Surgery – Means for introducing or removing material from body for... – Treating material introduced into or removed from body...
Reexamination Certificate
2001-01-02
2001-10-09
Kennedy, Sharon (Department: 3763)
Surgery
Means for introducing or removing material from body for...
Treating material introduced into or removed from body...
C604S151000
Reexamination Certificate
active
06299600
ABSTRACT:
TECHNICAL FIELD
The present invention relates to a liquid transferring pump system to be used for transferring a liquid such as liquid medicine or blood, wherein a flexible tube, in which the liquid flows, is squeezed with a movable squeezing member such as a roller and the movable squeezing member is moved by means of a motor so as to constant-flow-transfer the liquid in the tube.
BACKGROUND ART
A roller pump is conventionally known as one of drivers of constant-flowtransferring of a liquid in a flexible tube.
In this roller pump, free rollers stands at uniform intervals on a periphery portion of a disc to be rotated by a motor, which free rollers are supported by respective pivots. Outside surfaces of the free rollers protrude over the disc, and a supporting member is arranged oppositely to the free rollers. The flexible tube is put between the free rollers and the supporting member, and the disc is rotated so that the liquid in the flexible tube can be constant-flow-transferred according to the rotation speed of the disc.
In the field of medicine for example, the above roller pump is used for the artificial dialyzer for circulating the blood, especially when a relatively large quantity of liquid is constant-flow-transferred. When a relatively small quantity of liquid is constant-flow-transferred as in case of dosing liquid medicine by means of an intravenous injection, a drip tube provided between an injection needle and a liquid medicine bag is generally used.
In this way, the reason for using the roller pump for constant-flow-transferring a relatively large quantity of liquid is to carry out the feedback control necessary for securely carrying out the constant-flow-transferring, not because of the limitation of function of a motor.

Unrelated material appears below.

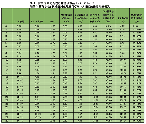 另外,表 1 顯示了由于電阻器和 ORing 二極管造成的功率損失,以及對效率的整個影響。從此表可以看出,無源均流遠非完美。由于負載和 1% 標準部件造成的電路限制,在理論上,最差情況下,兩個轉(zhuǎn)換器之間的共享的 22A 負載的負載共享為 24.4%(基于 0.02 歐姆的衰減電阻器)。但是,這一負載共享是在損失了 4.05% 的效率后取得的!

More specifically, flow fluctuation could generally occur during the constant-flow-transferring of the liquid. When flow fluctuation degree is the same, the larger the flow rate is, the smaller the flow fluctuation rate is. That is, the degree of losing the transferring constantivity is larger when a relatively small quantity of liquid is transferred.
Accordingly, when the motor is continuously rotated with low speed in order to constant-flow-transfer a relatively small quantity of liquid, the motor rotation must be monitored in a shorter period in executing the feedback control, which requires a device to accurately detect the motor rotation number.
However, an encoder, which is used to detect the motor rotation, has structurally a limitation of upper frequency of pulse to be output according to the motor rotation number. Therefore, when the motor rotation speed is too low, the motor rotation number can not be detected with a required high resolution corresponding to the transferring rate when the relatively small quantity of liquid is constant-flow-transferred.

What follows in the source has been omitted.